Here the job is to transcribe only the lines from the one containing "Komplett und modern" through the last line below, exactly as written; please leave out pictures.

═════ Source data ═════

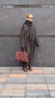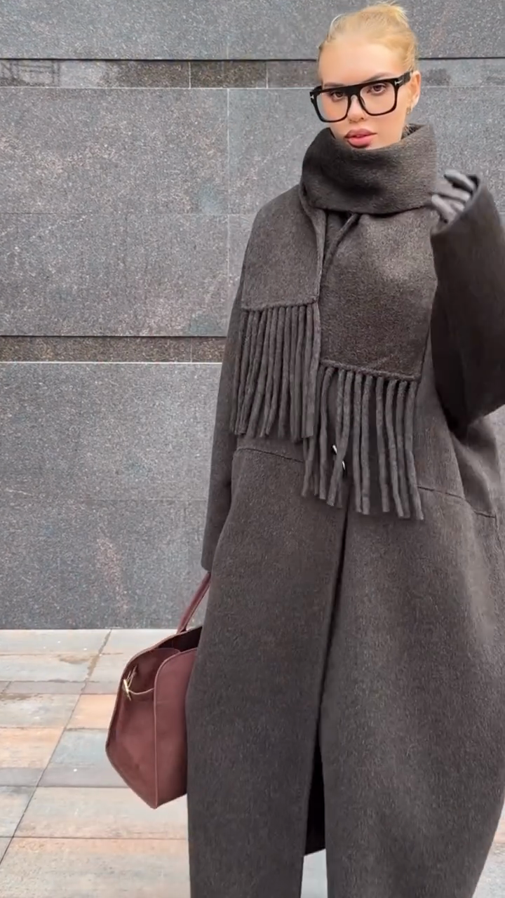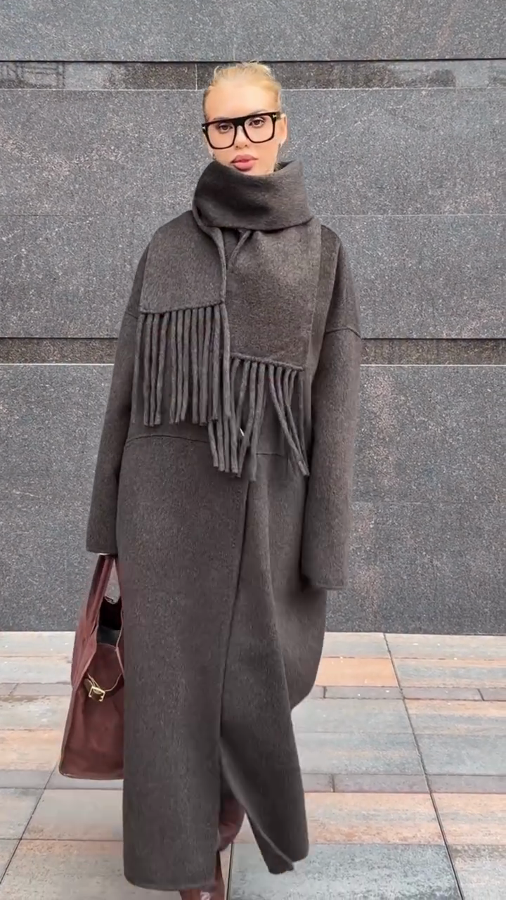 Oversized Wool Coat with Fringed Scarf
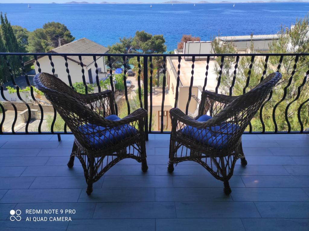 Komplett und modern eingerichtete Apartments in einer ruhigen Gegend der Insel Murter, 2 Reihen zum Meer. Die Unterkunft befindet sich 5 Gehminuten vom Hauptstrand von Slanica und 20 Gehminuten vom Zentrum entfernt. Unterhalb des Hauses befindet sich ein Felsstrand, aber auch eine Bucht mit kleinen Kieselsteinen für Kinder. Von der Terrasse der Unterkunft aus können Sie den Nationalpark Kornati sehen.
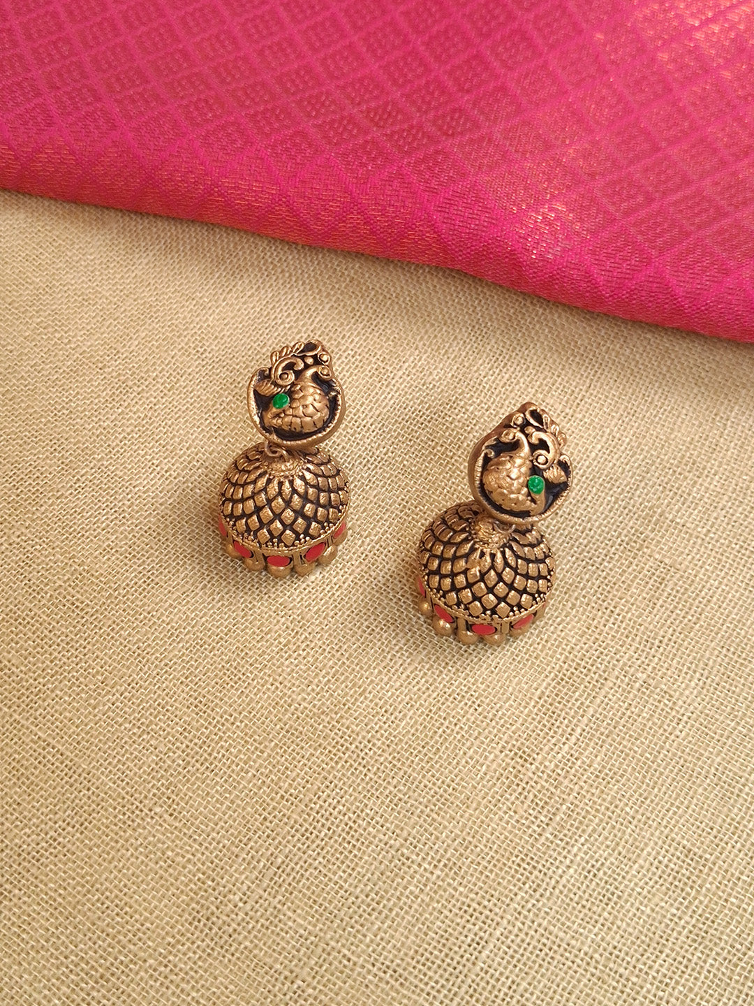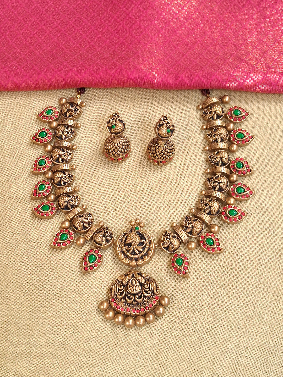 Home Hamsika – Handmade Terracotta Antique Swan Necklace Set with Red-Green Leaf Motifs and Engraved Jhumka Earrings

═════

Written response -
 Komplett und modern eingerichtete Apartments in einer ruhigen Gegend der Insel Murter, 2 Reihen zum Meer. Die Unterkunft befindet sich 5 Gehminuten vom Hauptstrand von Slanica und 20 Gehminuten vom Zentrum entfernt. Unterhalb des Hauses befindet sich ein Felsstrand, aber auch eine Bucht mit kleinen Kieselsteinen für Kinder. Von der Terrasse der Unterkunft aus können Sie den Nationalpark Kornati sehen.
 Home Hamsika – Handmade Terracotta Antique Swan Necklace Set with Red-Green Leaf Motifs and Engraved Jhumka Earrings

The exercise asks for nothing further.